** EXERCISE MATERIAL **
━━━━━━━━━━━━━━━━

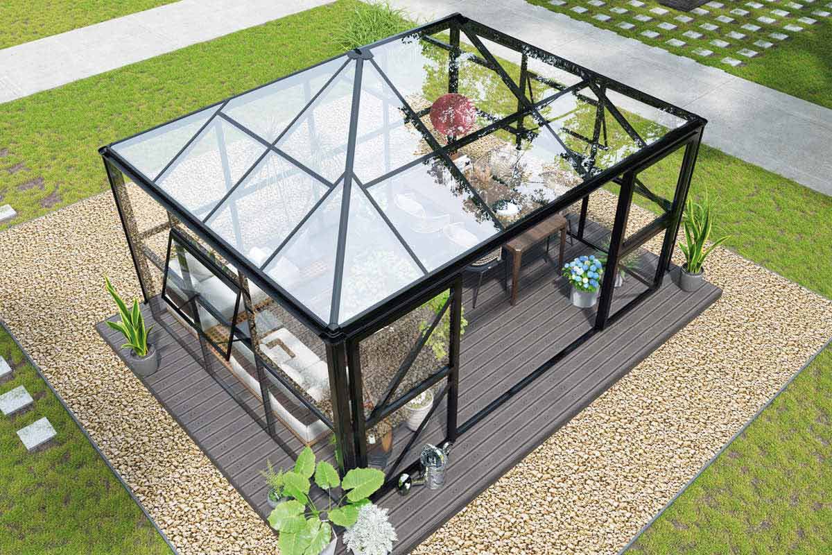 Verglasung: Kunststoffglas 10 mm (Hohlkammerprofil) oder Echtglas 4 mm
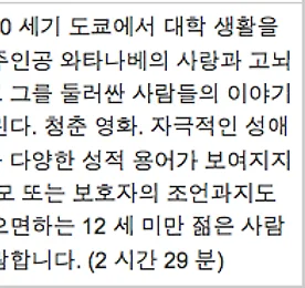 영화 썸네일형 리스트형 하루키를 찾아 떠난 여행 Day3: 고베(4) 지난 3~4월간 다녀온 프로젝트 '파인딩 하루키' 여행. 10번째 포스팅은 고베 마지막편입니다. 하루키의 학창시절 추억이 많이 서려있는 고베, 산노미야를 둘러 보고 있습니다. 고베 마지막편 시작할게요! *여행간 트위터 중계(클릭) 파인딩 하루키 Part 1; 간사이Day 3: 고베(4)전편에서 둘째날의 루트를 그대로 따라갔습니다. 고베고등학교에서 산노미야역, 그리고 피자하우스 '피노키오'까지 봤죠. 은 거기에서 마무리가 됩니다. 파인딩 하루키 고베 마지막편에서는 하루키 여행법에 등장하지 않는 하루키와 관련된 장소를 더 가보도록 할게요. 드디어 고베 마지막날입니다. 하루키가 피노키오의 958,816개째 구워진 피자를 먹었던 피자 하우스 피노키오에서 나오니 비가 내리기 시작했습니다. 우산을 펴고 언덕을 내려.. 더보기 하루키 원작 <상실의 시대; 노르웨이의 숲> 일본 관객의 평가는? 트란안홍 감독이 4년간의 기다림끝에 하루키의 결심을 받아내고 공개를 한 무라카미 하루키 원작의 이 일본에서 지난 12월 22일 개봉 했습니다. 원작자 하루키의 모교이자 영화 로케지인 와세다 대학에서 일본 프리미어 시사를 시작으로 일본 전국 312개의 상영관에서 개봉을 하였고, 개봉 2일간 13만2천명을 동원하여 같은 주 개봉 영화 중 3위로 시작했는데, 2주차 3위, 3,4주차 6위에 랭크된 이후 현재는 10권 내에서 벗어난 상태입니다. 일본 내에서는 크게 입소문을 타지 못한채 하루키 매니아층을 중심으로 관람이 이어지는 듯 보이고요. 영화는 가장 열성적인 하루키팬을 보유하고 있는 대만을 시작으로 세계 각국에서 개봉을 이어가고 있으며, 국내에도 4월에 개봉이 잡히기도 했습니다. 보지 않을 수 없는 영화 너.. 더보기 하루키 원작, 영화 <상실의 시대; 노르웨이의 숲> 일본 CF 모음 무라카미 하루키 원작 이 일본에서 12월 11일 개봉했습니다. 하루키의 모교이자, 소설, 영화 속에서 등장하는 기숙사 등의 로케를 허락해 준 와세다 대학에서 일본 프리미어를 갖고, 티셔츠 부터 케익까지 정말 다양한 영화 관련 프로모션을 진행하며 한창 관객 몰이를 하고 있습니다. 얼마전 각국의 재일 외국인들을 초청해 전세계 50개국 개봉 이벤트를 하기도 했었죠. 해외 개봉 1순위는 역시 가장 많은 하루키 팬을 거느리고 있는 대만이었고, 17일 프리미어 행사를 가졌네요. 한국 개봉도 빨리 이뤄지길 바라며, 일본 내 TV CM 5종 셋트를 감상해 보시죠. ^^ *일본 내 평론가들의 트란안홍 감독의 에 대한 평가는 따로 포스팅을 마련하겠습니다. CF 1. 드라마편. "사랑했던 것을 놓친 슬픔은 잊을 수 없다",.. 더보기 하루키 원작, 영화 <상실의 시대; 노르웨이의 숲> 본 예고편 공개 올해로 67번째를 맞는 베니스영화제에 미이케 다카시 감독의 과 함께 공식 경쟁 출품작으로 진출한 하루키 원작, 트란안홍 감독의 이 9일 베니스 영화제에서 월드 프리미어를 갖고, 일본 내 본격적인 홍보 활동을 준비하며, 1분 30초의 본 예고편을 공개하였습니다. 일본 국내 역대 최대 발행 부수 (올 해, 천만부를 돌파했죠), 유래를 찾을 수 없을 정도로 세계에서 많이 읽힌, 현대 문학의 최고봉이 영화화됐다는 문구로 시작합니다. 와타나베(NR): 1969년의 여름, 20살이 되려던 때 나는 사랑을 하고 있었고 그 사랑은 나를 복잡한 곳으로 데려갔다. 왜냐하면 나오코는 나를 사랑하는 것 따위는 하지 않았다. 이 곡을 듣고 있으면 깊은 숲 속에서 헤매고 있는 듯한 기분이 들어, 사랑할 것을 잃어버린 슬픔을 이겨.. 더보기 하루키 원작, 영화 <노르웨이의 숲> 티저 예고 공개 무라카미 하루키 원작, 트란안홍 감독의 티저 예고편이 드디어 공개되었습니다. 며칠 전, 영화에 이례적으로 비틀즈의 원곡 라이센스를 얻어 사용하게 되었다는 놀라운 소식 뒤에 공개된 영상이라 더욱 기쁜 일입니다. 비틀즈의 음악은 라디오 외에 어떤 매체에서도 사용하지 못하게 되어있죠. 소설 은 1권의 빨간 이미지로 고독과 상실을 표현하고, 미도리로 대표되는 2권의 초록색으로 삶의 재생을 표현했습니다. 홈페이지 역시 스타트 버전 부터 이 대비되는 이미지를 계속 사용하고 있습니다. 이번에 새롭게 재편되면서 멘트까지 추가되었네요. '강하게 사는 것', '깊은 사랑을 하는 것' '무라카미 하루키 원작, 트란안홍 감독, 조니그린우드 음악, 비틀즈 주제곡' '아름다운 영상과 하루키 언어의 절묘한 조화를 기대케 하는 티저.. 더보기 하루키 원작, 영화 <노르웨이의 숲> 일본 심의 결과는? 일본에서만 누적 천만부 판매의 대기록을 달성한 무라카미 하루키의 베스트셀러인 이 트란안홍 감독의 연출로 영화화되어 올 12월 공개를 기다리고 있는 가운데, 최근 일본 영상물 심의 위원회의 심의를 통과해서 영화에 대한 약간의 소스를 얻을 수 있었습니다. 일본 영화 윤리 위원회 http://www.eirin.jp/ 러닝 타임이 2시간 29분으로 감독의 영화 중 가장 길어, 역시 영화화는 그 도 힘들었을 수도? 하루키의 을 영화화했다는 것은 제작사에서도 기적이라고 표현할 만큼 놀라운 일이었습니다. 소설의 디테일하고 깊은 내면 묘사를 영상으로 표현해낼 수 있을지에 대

━━━━━━━━━━━━━━━━

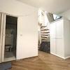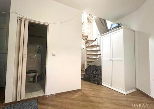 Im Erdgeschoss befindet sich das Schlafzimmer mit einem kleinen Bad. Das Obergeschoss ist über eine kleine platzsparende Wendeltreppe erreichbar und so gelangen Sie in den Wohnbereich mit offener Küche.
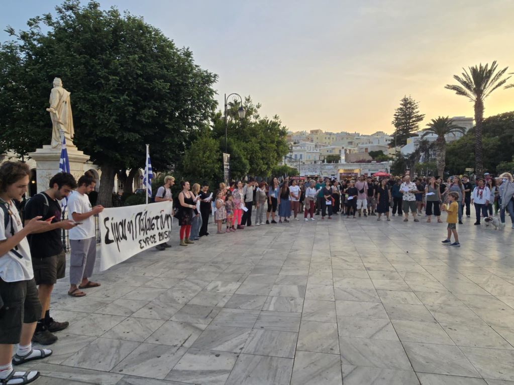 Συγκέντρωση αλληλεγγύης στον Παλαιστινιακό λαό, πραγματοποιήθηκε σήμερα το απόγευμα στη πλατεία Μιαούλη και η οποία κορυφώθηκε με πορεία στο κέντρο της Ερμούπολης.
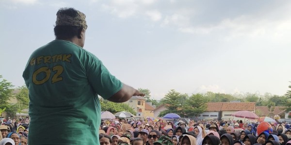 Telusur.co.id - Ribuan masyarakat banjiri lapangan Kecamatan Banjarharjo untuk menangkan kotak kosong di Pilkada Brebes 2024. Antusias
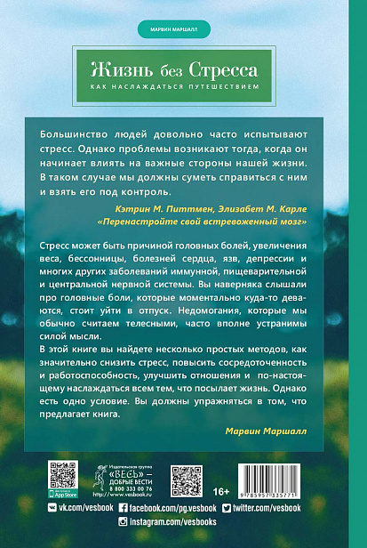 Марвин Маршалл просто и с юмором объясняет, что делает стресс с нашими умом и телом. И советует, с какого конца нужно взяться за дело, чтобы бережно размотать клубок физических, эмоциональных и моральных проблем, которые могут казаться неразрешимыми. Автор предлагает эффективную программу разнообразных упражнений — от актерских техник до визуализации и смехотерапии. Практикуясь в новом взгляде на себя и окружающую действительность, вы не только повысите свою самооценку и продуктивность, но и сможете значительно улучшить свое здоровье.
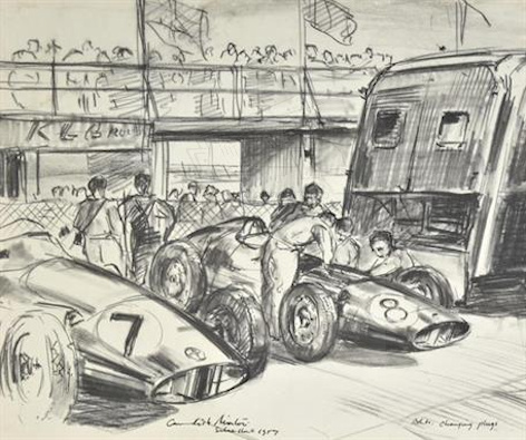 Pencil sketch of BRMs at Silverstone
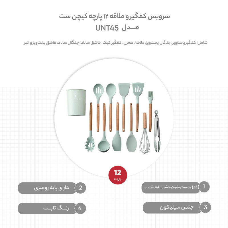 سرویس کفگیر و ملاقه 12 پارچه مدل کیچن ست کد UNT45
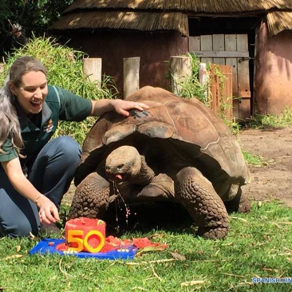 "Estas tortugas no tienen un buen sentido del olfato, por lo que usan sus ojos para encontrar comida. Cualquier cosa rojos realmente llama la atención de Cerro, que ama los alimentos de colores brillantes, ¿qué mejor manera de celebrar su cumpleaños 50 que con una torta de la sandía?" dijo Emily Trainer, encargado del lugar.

━━━━━━━━━━━━━━━━

** WHAT TO PRODUCE **
Range to copy from the records above: the line containing "سرویس کفگیر و" to the line containing "encargado del lugar.", both included. Output those lines exactly and only those, skipping pictures.

** EXERCISE RESULT **
 سرویس کفگیر و ملاقه 12 پارچه مدل کیچن ست کد UNT45
 "Estas tortugas no tienen un buen sentido del olfato, por lo que usan sus ojos para encontrar comida. Cualquier cosa rojos realmente llama la atención de Cerro, que ama los alimentos de colores brillantes, ¿qué mejor manera de celebrar su cumpleaños 50 que con una torta de la sandía?" dijo Emily Trainer, encargado del lugar.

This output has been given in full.